MedPage Today reports that a new study shows that many strokes may be missed in hospital emergency departments in the days before the problems of the stroke become obvious. Misdiagnosis or failure to diagnose strokes can have devastating consequences.

The study was retrospective, meaning that it looked back in time at what had happened to stroke victims in the time leading up to their strokes. The study shows that of 187,188 admissions for stroke, 12.7% of the stroke patients studied visited an emergency department and received a non-stroke-related diagnosis within the thirty days leading up to the ultimately diagnosed stroke. Doctors from Johns Hopkins University say this indicates a possibly missed stroke. One in every ten of those non-stroke related discharges were for headache or dizziness. Those were likely strokes, according to the researchers. Women, members of minority groups, and people under age 45 were most at risk for experiencing one of these undiagnosed strokes.

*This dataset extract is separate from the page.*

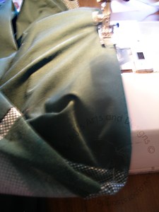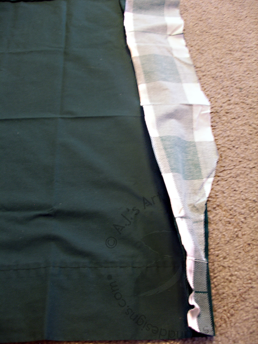 I took the “new pillowcase” cut it in half and then in half again. Putting the two pieces of the new pillowcase together – I left approximately 2″ and the top (which is really the bottom of the pillowcase) and had it go in a triangle to approximately 4″ wide (this was enough with the two pieces to cover my hips – lol.) I pinned everything back together as described above.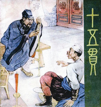《十五贯》堪称王弘力连环画的代表作,故事是根据同名昆曲改编绘画的。虽然,整部连环画作品只有54幅图,但惜笔如金的大师,却成功地塑造了况钟、尤葫芦父女、娄阿鼠、过于执等众多人物,大师以近连环画一半的篇幅来重点塑造清官况钟这位主要人物,而其他人物的塑造和描绘也都各具特色,生动传神。《十五贯》能从几百部评奖作品中脱颖而出,斩获头奖,是王弘力对连环画艺术长期探索、努力和不懈追求的最好证明和褒奖。

Effects of Failure to Diagnose Strokes:
The Harvard Medical School states that early treatment of the most common type of stroke can limit brain damage and vastly improve outcomes. Delayed treatment can close the door on treatments that can substantially diminish brain damage. Those who have been turned away from an emergency room with a “headache” diagnosis may be less likely to rush to a hospital for in the case of a future, more serious, stroke, causing more serious long term damage.

Additionally, a failure to diagnose these early strokes means that the patient will not be told what to do to try to prevent future strokes. According to the National Stroke Association, these sorts of preventative measures can include medication and other medical therapies. They can also include lifestyle changes regarding diet and exercise. In some cases doctors recommend drugs to treat other conditions that lead to stroke, like high blood pressure, high cholesterol, and heart disease. There are also medications that can diminish blood clotting that can help prevent a stroke. If the emergency department misses that first stroke, the patient will not be given any of these options, and the second more serious stroke can happen. At that point the damage will have been done.

Signs of a Stroke:
Negligence and malpractice attorneys can help try to recover for some of the losses caused by these undiagnosed strokes. But an ounce of prevention is worth a pound of cure. While doctors ultimately have to diagnose and treat strokes, there are signs one can watch for to try to get treatment as soon as possible. The American Stroke Association uses the acronym FAST to remind American what to watch for:

Face drooping. Does one side of the face droop or feel numb? Is the potential stroke victim’s smile uneven?

Arm Weakness. Is one arm weak or numb? If the person raises both arms, does one drift downward?

Speech difficulty. Is the speech slurred or is the person hard to understand, even when saying simple sentences?

Time to call 9-1-1. If someone shows these symptoms, call 9-1-1 immediately, and check the time so you will be able to tell the doctor exactly how long the symptoms have been present.